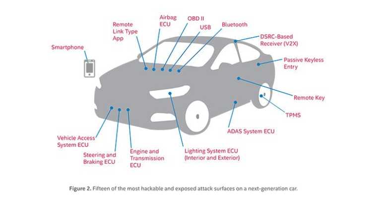 Elektronikföretaget Intel har listat femton attackytor på nya bilar. Som exempel nämns Bluetooth och den så kallade OBD II-porten, diagnosuttaget. De flesta säkerhetsriskerna på Intels lista är olika typer av ECU:er. Förkortningen ECU står för Electrical Control Unit och en modern bil innehåller hundratals av dessa små datorer. ECU:er skickar meddelanden om allt från däcktryck till hastighet och säkerhetsrisken med dessa nätverksuppkopplade enheter uppstår om de kan förmedla annat än vad som är tänkt.
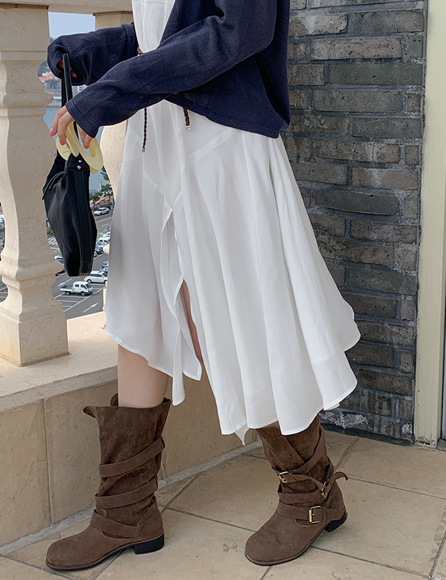 - 허리는 슬림하게 잡아주고 밑단은 훌 디테일로 퍼져 날씬하고 멋스러운 실루엣 연출
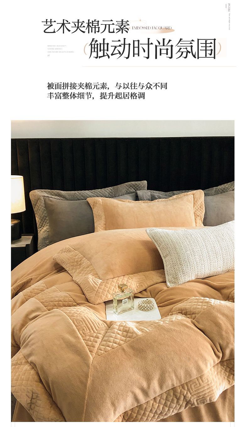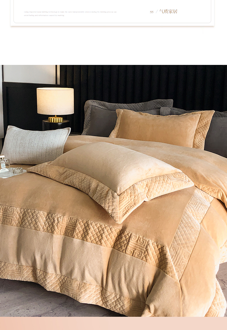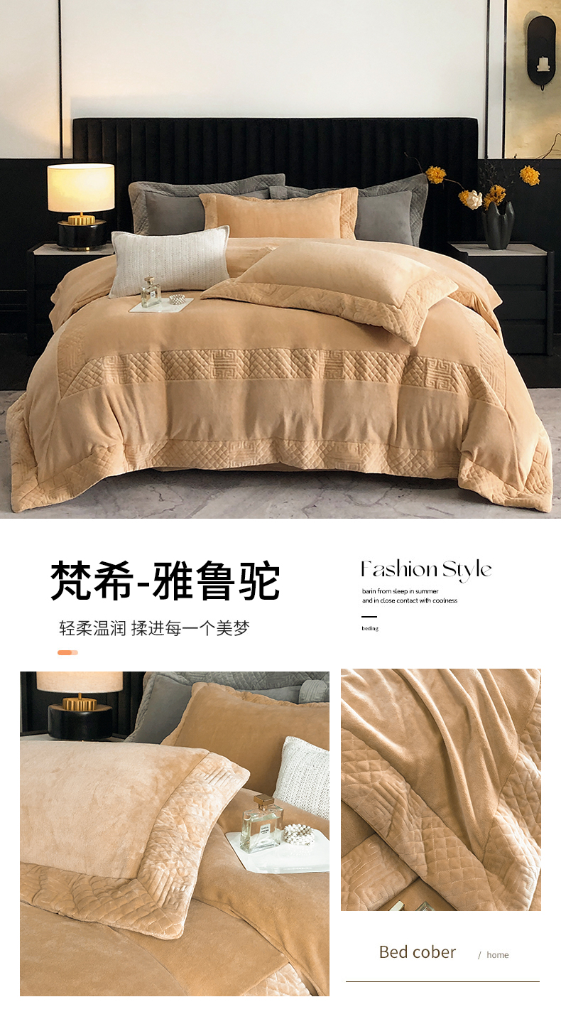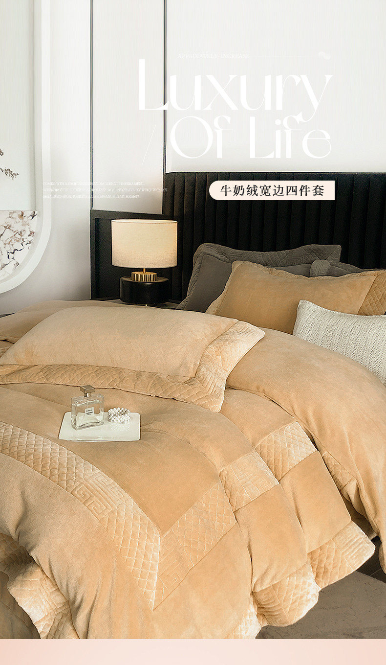 商品名称:保罗圣迪奥 2025新款牛奶绒宽边四件套-梵希 梵希-雅鲁驼
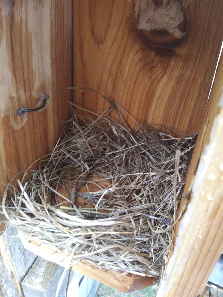 After removing the first two starts made by the wren, there was a while of inactivity again. The sticks may have not even been actual attempts at building a nest to use, it could have been just to crowd out any other birds in the area. They also may have been an actual nest that wasn’t built far enough for him to show off to a female, who then may or may not have been impressed enough to use them. It didn’t have a lined nest cup, which means it was legit to remove the sticks at this point. I don’t know if he decided to give up on annexing my nestbox, or got busy with nesting for real in a nest box in the neighbors yard, I don’t know. I do hear house wrens quite often (like almost every time I go outside during the day), so they’ve not left the area. I didn’t think to take pictures of the sticks, sorry. Imagine a small pile of 4 inch long twigs thinner than a pencil, almost in a sort of cup/circle shape if you squint, and put in the bottom of the nestbox.
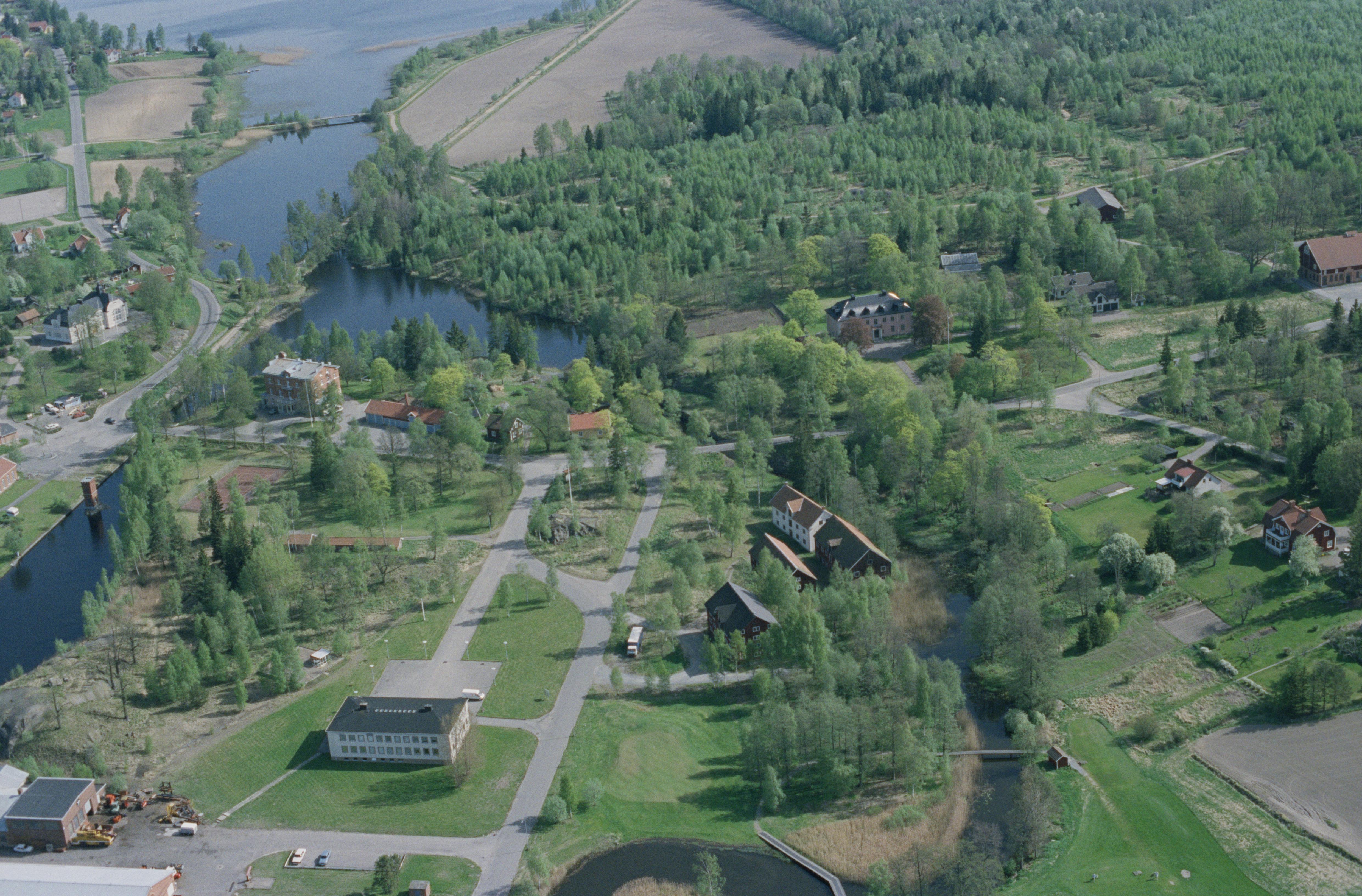 Beskrivning: Åmmebergs bruk mellan Tomteviken och Åmmelången. Åmmebergs herrgård vid bildens mitt. Bilden är tagen mot (väderstreck): NO
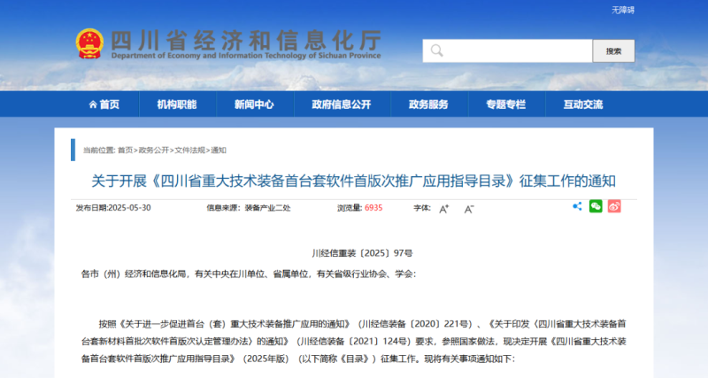 近日,四川省經(jīng)濟和信息化廳發(fā)布《關(guān)于開展〈四川省重大技術(shù)裝備首臺套軟件首版次推廣應(yīng)用指導(dǎo)目錄〉征集工作的通知》(以下簡稱《通知》),其中提到,申請列入《四川省重大技術(shù)裝備首臺套軟件首版次推廣應(yīng)用指導(dǎo)目錄(2025版)》的重大技術(shù)裝備產(chǎn)品應(yīng)能夠支撐打造現(xiàn)代產(chǎn)業(yè)體系、建設(shè)國家戰(zhàn)略腹地,重點聚焦人工智能、低空經(jīng)濟、航空航天、新能源、高端能源裝備、新能源汽車及動力電池等重點產(chǎn)業(yè)鏈領(lǐng)域,工業(yè)母機、軌道交通裝備等領(lǐng)先領(lǐng)域,行業(yè)專用裝備等優(yōu)勢領(lǐng)域,先進核技術(shù)應(yīng)用裝備、未來交通裝備、深空深地裝備等新興和未來領(lǐng)域,以及重大工程施工裝備、農(nóng)機裝備、應(yīng)急裝備、醫(yī)療裝備、民生裝備等領(lǐng)域。
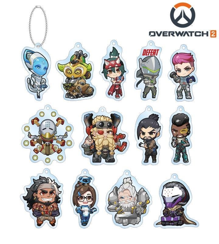 エコー、オリーサ、キリコ、ゲンジ、ザリア、ゼニヤッタ、トールビョーン、ハンゾー、バティスト、マウガ、メイ、ラインハルト、ラマットラのちびキャライラストをアクリルキーホルダーに仕上げました。
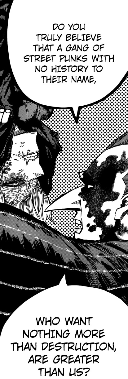 Seulement, aux yeux de Destro, les mots de sa mère et sa volonté première ne furent absolument pas respectés. Si ce n’est être utilisés en tant que slogans dans des campagnes politiques. De fait, personne n’est autorisé à utilisé son alter comme il le souhaite sans intégrer L’Association des Héros et en accepter les règles. « Si les masses ne peuvent pas utiliser leurs quirks comme elles le veulent, la libération ultime n’aura jamais lieu » crie Destro alors que le clone de Shigaraki tente de le toucher. Et bien ! Ce chapitre dédié aux origines du quirk fut instructif. Le fait que Chikara Yotsubachi soit le descendant de Destro me laisse espérer qu’il ne sera pas qu’un apéritif eu égard à Tomura mais bel et bien un méchant à part entière. Ceci-dit, avec l’arrivée imminente de Gigantomachia, je me demande comment lui et L’Armée de la Libération vont survivre. Allez, la suite !
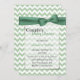 Stylish couple's baby shower invitation done in a light green and white chevron zigzag pattern. Graphics of a silver tone edged semi transparent white text area, in the middle, has a pretty muted green ribbon and bow, at the top. The backside is done in the same chevron pattern, with another text area, at the bottom. Personalise all the text, front and back to suit your event needs.
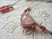 明るく桜色を少し濃くした色合いのモルガナイトをメインに、モザンビーク産ガーネットを左右のアクセントにあしらいました。0.25㎜の糸で丁寧に編み込み丁寧に編み上げています。連結部分を別々の工程で製作し組み上げておりますので、ペンダントトップの経年使用による摩耗が少し軽減される仕様です。
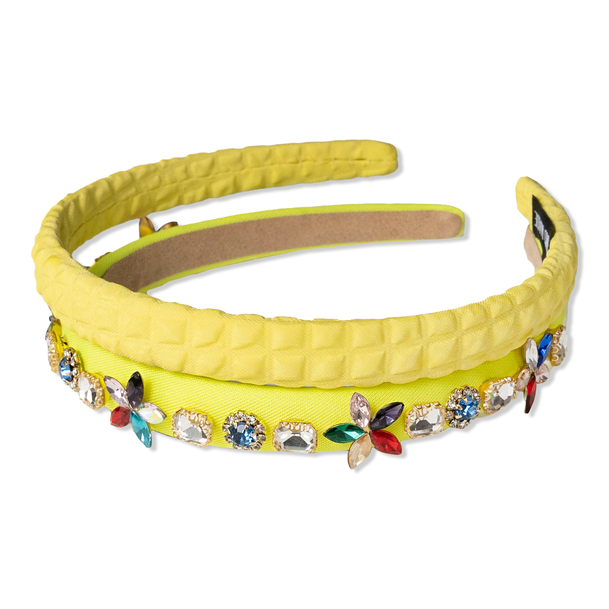 The Fancy & Fun Headband by Locks & Mane is a two-piece set, with one piece crafted from textured fabric and the other adorned with gems and rhinestones.
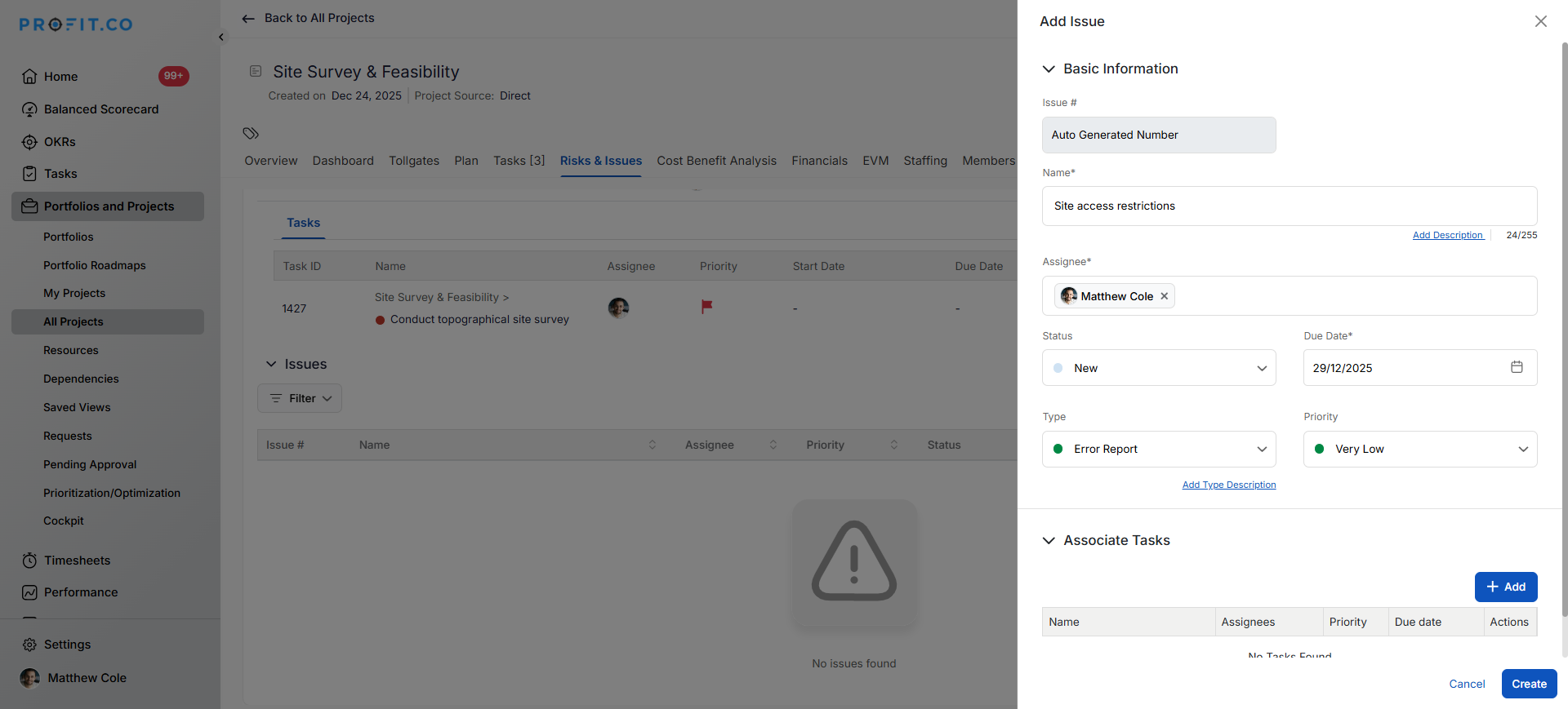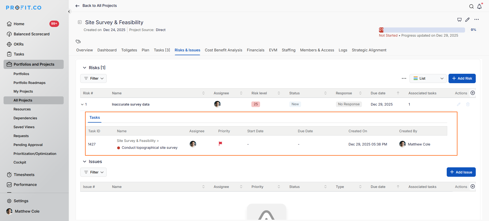 Profit.co offers users the ability to manage project uncertainties with the Risks & Issues option in the Project and Portfolio Management (PPM) module.
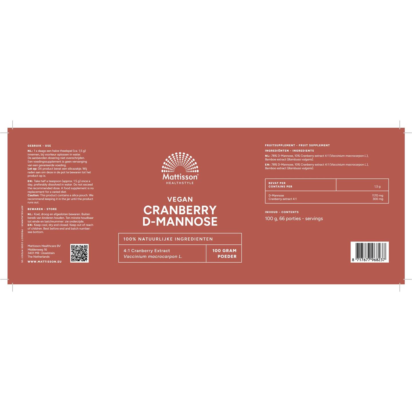 78% D-Mannose, 10% Cranberry extract 4:1 (Vaccinium macrocarpon L.), Bamboe extract (Bambusa vulgaris).

[Task to complete]:
A word-for-word reproduction is needed of the lines above from the line containing "The Fancy &" through the line containing "Profit.co offers users", with both ends kept and no pictures.

[Response below]:
 The Fancy & Fun Headband by Locks & Mane is a two-piece set, with one piece crafted from textured fabric and the other adorned with gems and rhinestones.
 Profit.co offers users the ability to manage project uncertainties with the Risks & Issues option in the Project and Portfolio Management (PPM) module.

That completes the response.